Task to complete
Return the data below in full and exactly, except that the pictures are dropped.

═══ Input ═══

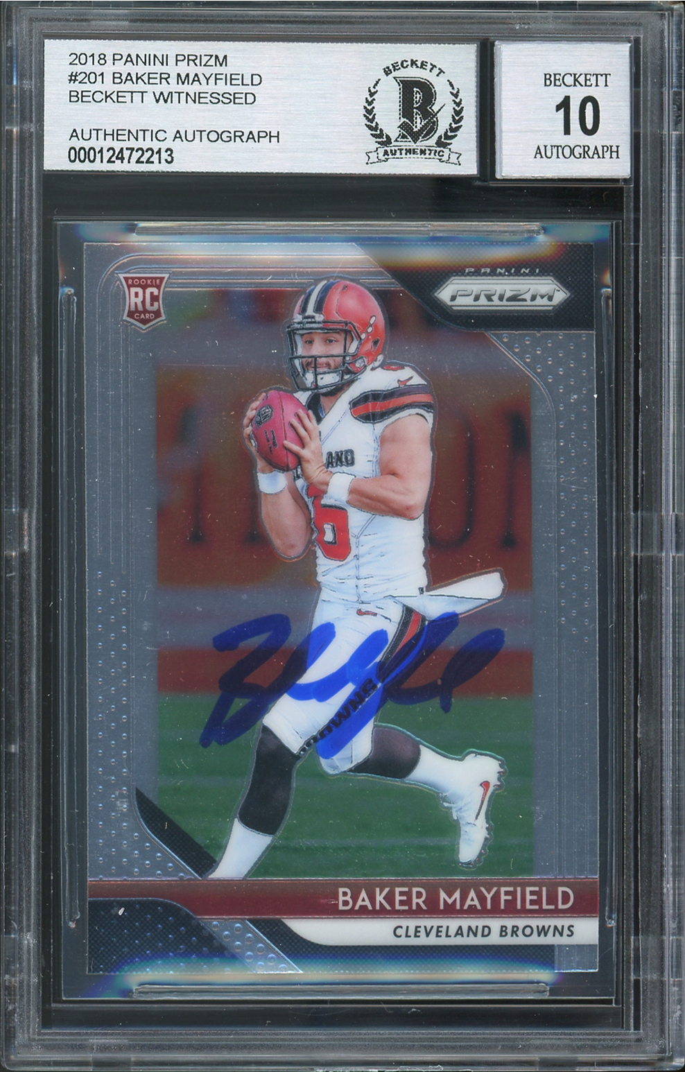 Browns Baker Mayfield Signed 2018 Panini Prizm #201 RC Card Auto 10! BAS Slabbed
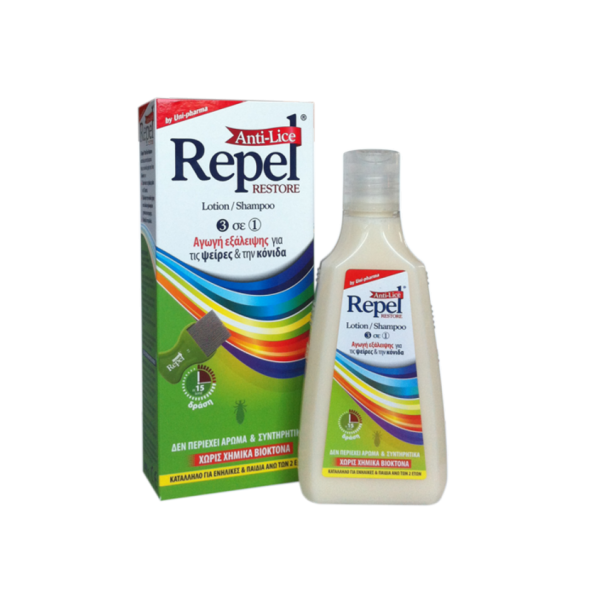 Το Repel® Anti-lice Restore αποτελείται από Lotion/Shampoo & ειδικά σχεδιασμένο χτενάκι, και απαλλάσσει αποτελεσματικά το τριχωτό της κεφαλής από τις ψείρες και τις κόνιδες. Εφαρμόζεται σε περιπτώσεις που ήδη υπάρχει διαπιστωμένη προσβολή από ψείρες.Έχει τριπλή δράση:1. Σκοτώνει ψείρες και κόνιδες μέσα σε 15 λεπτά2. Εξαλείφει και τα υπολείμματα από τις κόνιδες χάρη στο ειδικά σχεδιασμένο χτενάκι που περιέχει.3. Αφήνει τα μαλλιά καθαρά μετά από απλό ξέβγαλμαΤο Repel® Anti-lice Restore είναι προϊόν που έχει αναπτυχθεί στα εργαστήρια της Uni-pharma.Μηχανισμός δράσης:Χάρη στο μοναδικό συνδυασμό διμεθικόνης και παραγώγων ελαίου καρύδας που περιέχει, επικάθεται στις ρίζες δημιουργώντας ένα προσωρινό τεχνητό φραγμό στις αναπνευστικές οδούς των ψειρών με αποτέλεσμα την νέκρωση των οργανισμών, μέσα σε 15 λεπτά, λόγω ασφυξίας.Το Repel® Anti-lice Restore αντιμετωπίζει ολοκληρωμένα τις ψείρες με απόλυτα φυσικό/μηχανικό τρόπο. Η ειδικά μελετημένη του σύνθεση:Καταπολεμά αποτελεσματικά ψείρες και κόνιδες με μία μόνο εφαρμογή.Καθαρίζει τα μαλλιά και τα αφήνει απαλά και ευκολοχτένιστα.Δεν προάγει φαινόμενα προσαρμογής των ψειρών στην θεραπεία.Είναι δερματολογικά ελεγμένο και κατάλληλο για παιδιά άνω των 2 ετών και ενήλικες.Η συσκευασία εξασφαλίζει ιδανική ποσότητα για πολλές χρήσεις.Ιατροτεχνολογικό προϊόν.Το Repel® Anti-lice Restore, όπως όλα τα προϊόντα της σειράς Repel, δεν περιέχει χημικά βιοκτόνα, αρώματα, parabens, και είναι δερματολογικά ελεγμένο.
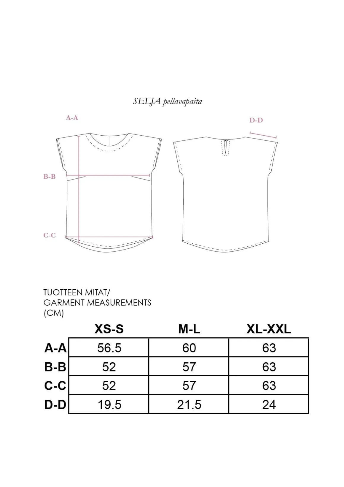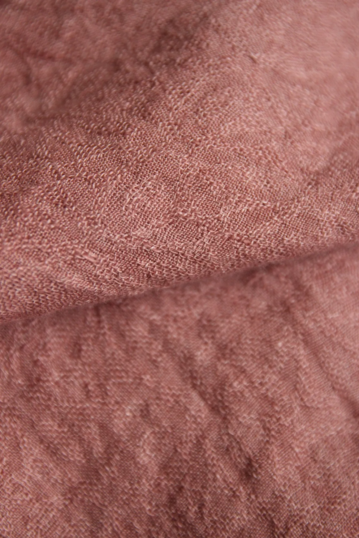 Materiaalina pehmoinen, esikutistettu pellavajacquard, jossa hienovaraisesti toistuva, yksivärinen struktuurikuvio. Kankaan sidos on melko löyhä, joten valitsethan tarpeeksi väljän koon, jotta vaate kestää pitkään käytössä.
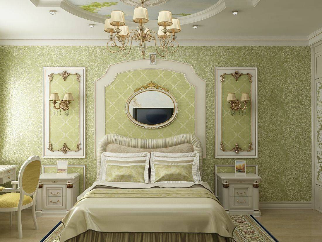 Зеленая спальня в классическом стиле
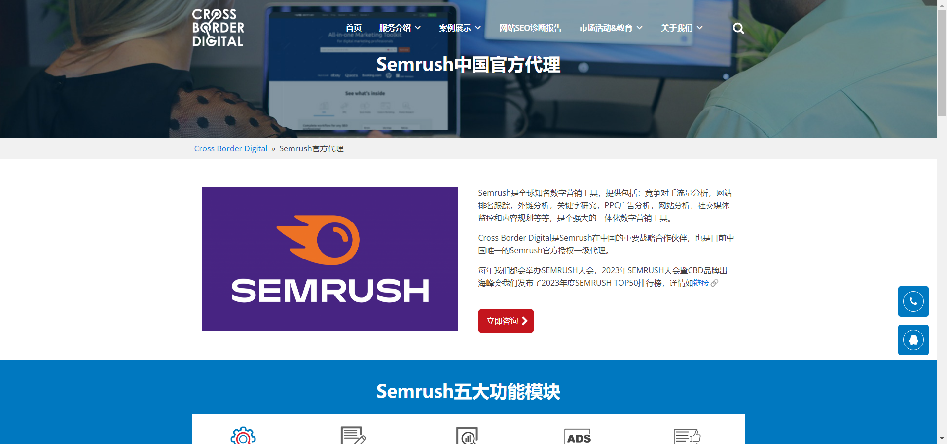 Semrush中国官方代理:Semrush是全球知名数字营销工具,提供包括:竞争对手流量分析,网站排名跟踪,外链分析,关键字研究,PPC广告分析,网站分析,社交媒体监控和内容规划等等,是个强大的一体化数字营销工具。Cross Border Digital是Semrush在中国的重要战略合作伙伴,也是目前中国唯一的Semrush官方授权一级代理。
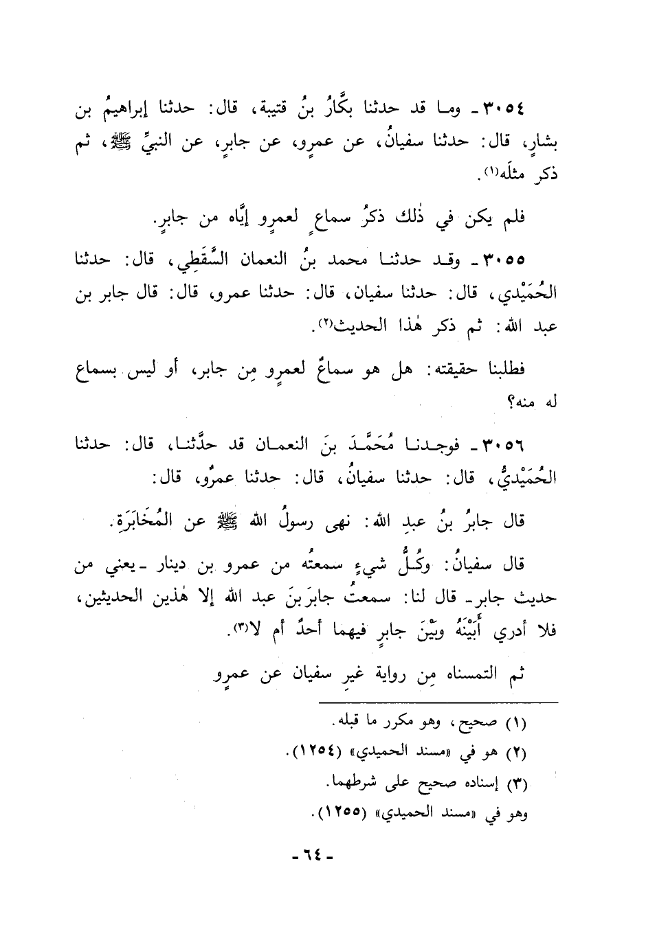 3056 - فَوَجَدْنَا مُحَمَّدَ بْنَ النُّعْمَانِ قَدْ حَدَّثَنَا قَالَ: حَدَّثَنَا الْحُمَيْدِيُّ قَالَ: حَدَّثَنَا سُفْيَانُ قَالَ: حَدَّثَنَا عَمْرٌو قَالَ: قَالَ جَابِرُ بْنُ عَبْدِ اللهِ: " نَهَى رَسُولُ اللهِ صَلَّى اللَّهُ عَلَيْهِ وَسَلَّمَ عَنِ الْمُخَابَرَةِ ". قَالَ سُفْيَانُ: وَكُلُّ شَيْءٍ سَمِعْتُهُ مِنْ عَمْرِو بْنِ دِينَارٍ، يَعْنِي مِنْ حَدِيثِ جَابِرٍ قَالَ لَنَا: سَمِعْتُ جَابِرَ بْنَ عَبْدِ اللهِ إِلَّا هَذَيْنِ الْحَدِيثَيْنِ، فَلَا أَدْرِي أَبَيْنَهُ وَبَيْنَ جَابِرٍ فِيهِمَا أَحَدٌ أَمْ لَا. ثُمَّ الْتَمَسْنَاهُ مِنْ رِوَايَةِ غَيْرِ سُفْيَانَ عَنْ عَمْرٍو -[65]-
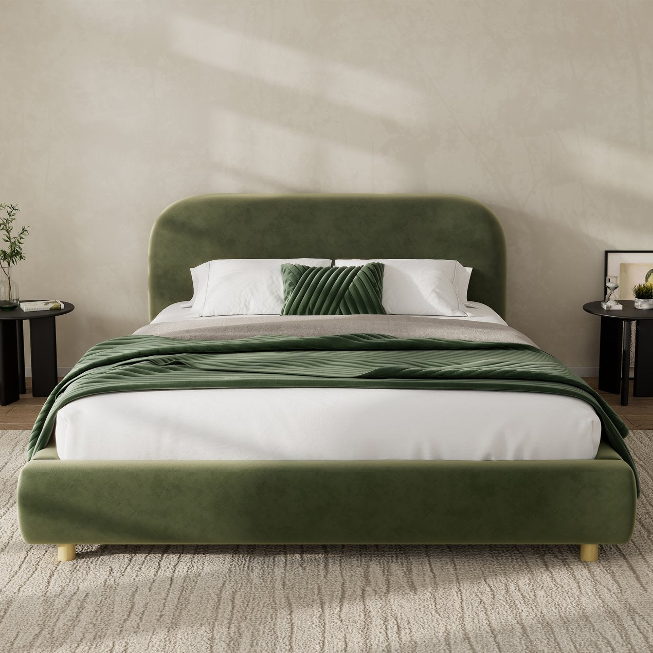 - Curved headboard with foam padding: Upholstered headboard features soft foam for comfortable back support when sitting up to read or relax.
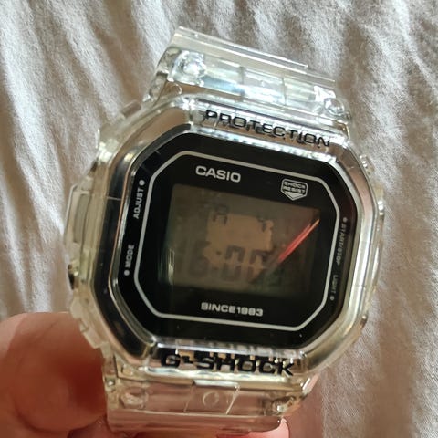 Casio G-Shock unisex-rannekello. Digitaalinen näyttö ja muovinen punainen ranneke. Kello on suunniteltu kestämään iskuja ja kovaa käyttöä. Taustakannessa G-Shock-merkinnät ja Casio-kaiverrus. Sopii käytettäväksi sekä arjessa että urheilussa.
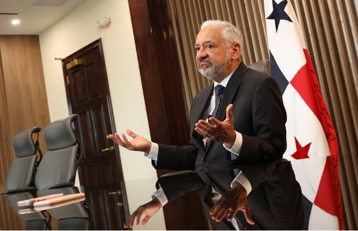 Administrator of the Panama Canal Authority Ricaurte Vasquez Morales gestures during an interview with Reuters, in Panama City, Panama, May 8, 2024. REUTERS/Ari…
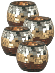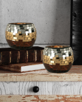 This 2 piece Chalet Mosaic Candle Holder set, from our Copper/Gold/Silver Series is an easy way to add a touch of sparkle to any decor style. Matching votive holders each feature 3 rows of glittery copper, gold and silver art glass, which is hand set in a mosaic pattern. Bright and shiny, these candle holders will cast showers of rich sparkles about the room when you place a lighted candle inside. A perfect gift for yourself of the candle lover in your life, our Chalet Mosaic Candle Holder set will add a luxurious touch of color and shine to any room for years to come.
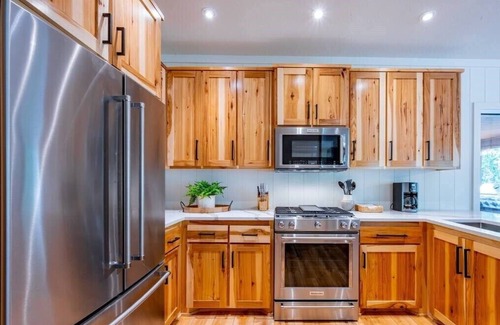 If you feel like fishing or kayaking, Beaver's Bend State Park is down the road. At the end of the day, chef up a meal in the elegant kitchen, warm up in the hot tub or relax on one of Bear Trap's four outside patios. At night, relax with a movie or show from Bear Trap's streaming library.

═══

Response area
 Browns Baker Mayfield Signed 2018 Panini Prizm #201 RC Card Auto 10! BAS Slabbed
 Το Repel® Anti-lice Restore αποτελείται από Lotion/Shampoo & ειδικά σχεδιασμένο χτενάκι, και απαλλάσσει αποτελεσματικά το τριχωτό της κεφαλής από τις ψείρες και τις κόνιδες. Εφαρμόζεται σε περιπτώσεις που ήδη υπάρχει διαπιστωμένη προσβολή από ψείρες.Έχει τριπλή δράση:1. Σκοτώνει ψείρες και κόνιδες μέσα σε 15 λεπτά2. Εξαλείφει και τα υπολείμματα από τις κόνιδες χάρη στο ειδικά σχεδιασμένο χτενάκι που περιέχει.3. Αφήνει τα μαλλιά καθαρά μετά από απλό ξέβγαλμαΤο Repel® Anti-lice Restore είναι προϊόν που έχει αναπτυχθεί στα εργαστήρια της Uni-pharma.Μηχανισμός δράσης:Χάρη στο μοναδικό συνδυασμό διμεθικόνης και παραγώγων ελαίου καρύδας που περιέχει, επικάθεται στις ρίζες δημιουργώντας ένα προσωρινό τεχνητό φραγμό στις αναπνευστικές οδούς των ψειρών με αποτέλεσμα την νέκρωση των οργανισμών, μέσα σε 15 λεπτά, λόγω ασφυξίας.Το Repel® Anti-lice Restore αντιμετωπίζει ολοκληρωμένα τις ψείρες με απόλυτα φυσικό/μηχανικό τρόπο. Η ειδικά μελετημένη του σύνθεση:Καταπολεμά αποτελεσματικά ψείρες και κόνιδες με μία μόνο εφαρμογή.Καθαρίζει τα μαλλιά και τα αφήνει απαλά και ευκολοχτένιστα.Δεν προάγει φαινόμενα προσαρμογής των ψειρών στην θεραπεία.Είναι δερματολογικά ελεγμένο και κατάλληλο για παιδιά άνω των 2 ετών και ενήλικες.Η συσκευασία εξασφαλίζει ιδανική ποσότητα για πολλές χρήσεις.Ιατροτεχνολογικό προϊόν.Το Repel® Anti-lice Restore, όπως όλα τα προϊόντα της σειράς Repel, δεν περιέχει χημικά βιοκτόνα, αρώματα, parabens, και είναι δερματολογικά ελεγμένο.
 Materiaalina pehmoinen, esikutistettu pellavajacquard, jossa hienovaraisesti toistuva, yksivärinen struktuurikuvio. Kankaan sidos on melko löyhä, joten valitsethan tarpeeksi väljän koon, jotta vaate kestää pitkään käytössä.
 Зеленая спальня в классическом стиле
 Semrush中国官方代理:Semrush是全球知名数字营销工具,提供包括:竞争对手流量分析,网站排名跟踪,外链分析,关键字研究,PPC广告分析,网站分析,社交媒体监控和内容规划等等,是个强大的一体化数字营销工具。Cross Border Digital是Semrush在中国的重要战略合作伙伴,也是目前中国唯一的Semrush官方授权一级代理。
 3056 - فَوَجَدْنَا مُحَمَّدَ بْنَ النُّعْمَانِ قَدْ حَدَّثَنَا قَالَ: حَدَّثَنَا الْحُمَيْدِيُّ قَالَ: حَدَّثَنَا سُفْيَانُ قَالَ: حَدَّثَنَا عَمْرٌو قَالَ: قَالَ جَابِرُ بْنُ عَبْدِ اللهِ: " نَهَى رَسُولُ اللهِ صَلَّى اللَّهُ عَلَيْهِ وَسَلَّمَ عَنِ الْمُخَابَرَةِ ". قَالَ سُفْيَانُ: وَكُلُّ شَيْءٍ سَمِعْتُهُ مِنْ عَمْرِو بْنِ دِينَارٍ، يَعْنِي مِنْ حَدِيثِ جَابِرٍ قَالَ لَنَا: سَمِعْتُ جَابِرَ بْنَ عَبْدِ اللهِ إِلَّا هَذَيْنِ الْحَدِيثَيْنِ، فَلَا أَدْرِي أَبَيْنَهُ وَبَيْنَ جَابِرٍ فِيهِمَا أَحَدٌ أَمْ لَا. ثُمَّ الْتَمَسْنَاهُ مِنْ رِوَايَةِ غَيْرِ سُفْيَانَ عَنْ عَمْرٍو -[65]-
 - Curved headboard with foam padding: Upholstered headboard features soft foam for comfortable back support when sitting up to read or relax.
 Casio G-Shock unisex-rannekello. Digitaalinen näyttö ja muovinen punainen ranneke. Kello on suunniteltu kestämään iskuja ja kovaa käyttöä. Taustakannessa G-Shock-merkinnät ja Casio-kaiverrus. Sopii käytettäväksi sekä arjessa että urheilussa.
 Administrator of the Panama Canal Authority Ricaurte Vasquez Morales gestures during an interview with Reuters, in Panama City, Panama, May 8, 2024. REUTERS/Ari…
 This 2 piece Chalet Mosaic Candle Holder set, from our Copper/Gold/Silver Series is an easy way to add a touch of sparkle to any decor style. Matching votive holders each feature 3 rows of glittery copper, gold and silver art glass, which is hand set in a mosaic pattern. Bright and shiny, these candle holders will cast showers of rich sparkles about the room when you place a lighted candle inside. A perfect gift for yourself of the candle lover in your life, our Chalet Mosaic Candle Holder set will add a luxurious touch of color and shine to any room for years to come.
 If you feel like fishing or kayaking, Beaver's Bend State Park is down the road. At the end of the day, chef up a meal in the elegant kitchen, warm up in the hot tub or relax on one of Bear Trap's four outside patios. At night, relax with a movie or show from Bear Trap's streaming library.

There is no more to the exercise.